It’s just a shiny piece of wood, with letters
printed here an’ there,
An’ has a little table which you put your fingers
on with care,
An’ then you sit an’ whisper low some
question that you want to know.
Then by an’ by the spirit comes an’ makes
the little table go,
An’ Ma, she starts to giggle then an’
Pa just grumbles out, “Oh, Lord!
I wish you hadn’t bought this thing.

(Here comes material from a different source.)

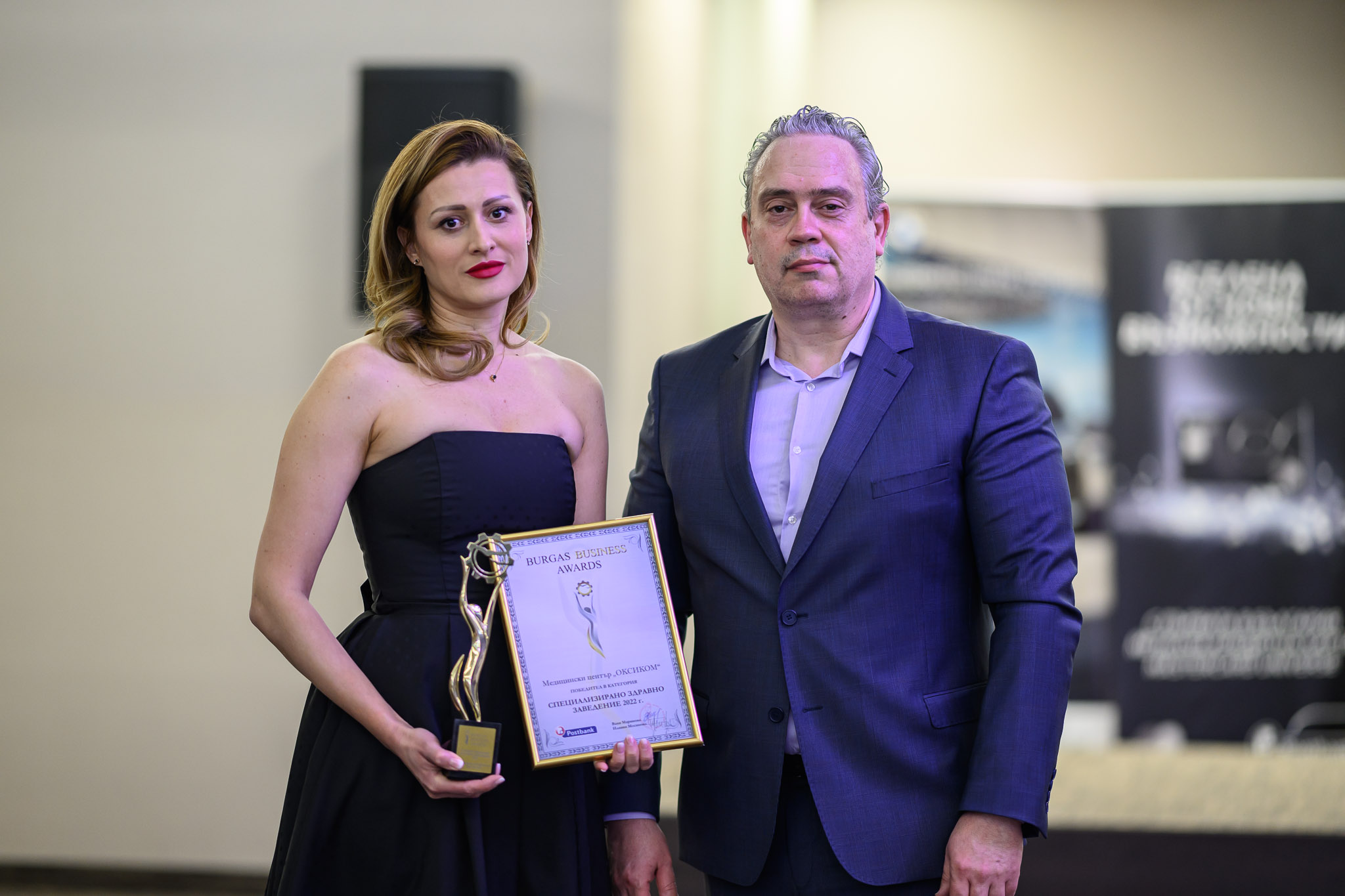 СПЕЦИАЛИЗИРАНО ЗДРАВНО ЗАВЕДЕНИЕ 2022 – Медицински ц-р Оксиком, статуетката им бе връчена от доц. д-р Владимир Корновски - началник на отделението по Кардиохирургия към „Сърце и Мозък“ гр. Бургас;

We
didn’t need a ouija board.”
“You’re movin’ it!” says Ma
to Pa. “I’m not!” says Pa, “I
know it’s you;
You’re makin’ it spell things to us that
you know very well aren’t true.”
“That isn’t so,” says Ma to him,
“but I am certain from the way
The ouija moves that you’re the one who’s
tellin’ it just what to say.”
“It’s just ’lectricity,” says
Pa; “like batteries all men are stored,
But anyhow I don’t believe we ought to have
a ouija board.”
One night Ma got it out, an’ said, “Now,
Pa, I want you to be fair,
Just keep right still an’ let your hands rest
lightly on the table there.
Oh, Ouija, tell me, tell me true, are we to buy another
car,
An’ will we get it very soon?” she asked.
“Oh, tell us from afar.”
“Don’t buy a car,” the letters spelled,
“the price this year you can’t
afford.”
Then Ma got mad, an’ since that time she’s
never used the ouija board.
The Call of the Woods
I must get out to the woods again, to the whispering
trees and the birds
awing,
Away from the haunts of pale-faced men, to the spaces
wide where strength
is king;
I must get out where the skies are blue and the air
is clean and the rest
is sweet,
Out where there’s never a task to do or a goal
to reach or a foe to meet.
I must get out on the trails once more that wind through
shadowy haunts and
cool,
Away from the presence of wall and door, and see myself
in a crystal pool;
I must get out with the silent things, where neither
laughter nor hate is
heard,
Where malice never the humblest stings and no one
is hurt by a spoken word.
Oh, I’ve heard the call of the tall white pine,
and heard the call of the
running brook;
I’m tired of the tasks which each day are mine;
I’m weary of reading a
printed book.
I want to get out of the din and strife, the clang
and clamor of turning
wheel,
And walk for a day where life is life, and the joys
are true and the
pictures real.
Committee Meetings
For this and that and various things
It seems that men must get together,
To purchase cups or diamond rings
Or to discuss the price of leather.
From nine to ten, or two to three,
Or any hour that’s fast and fleeting,
There is a constant call for me
To go to some committee meeting.
The church has serious work to do,
The lodge and club has need of workers,
They ask for just an hour or two—
Surely I will not join the shirkers?
Though I have duties of my own
I should not drop before completing,
There comes the call by telephone
To go to some committee meeting.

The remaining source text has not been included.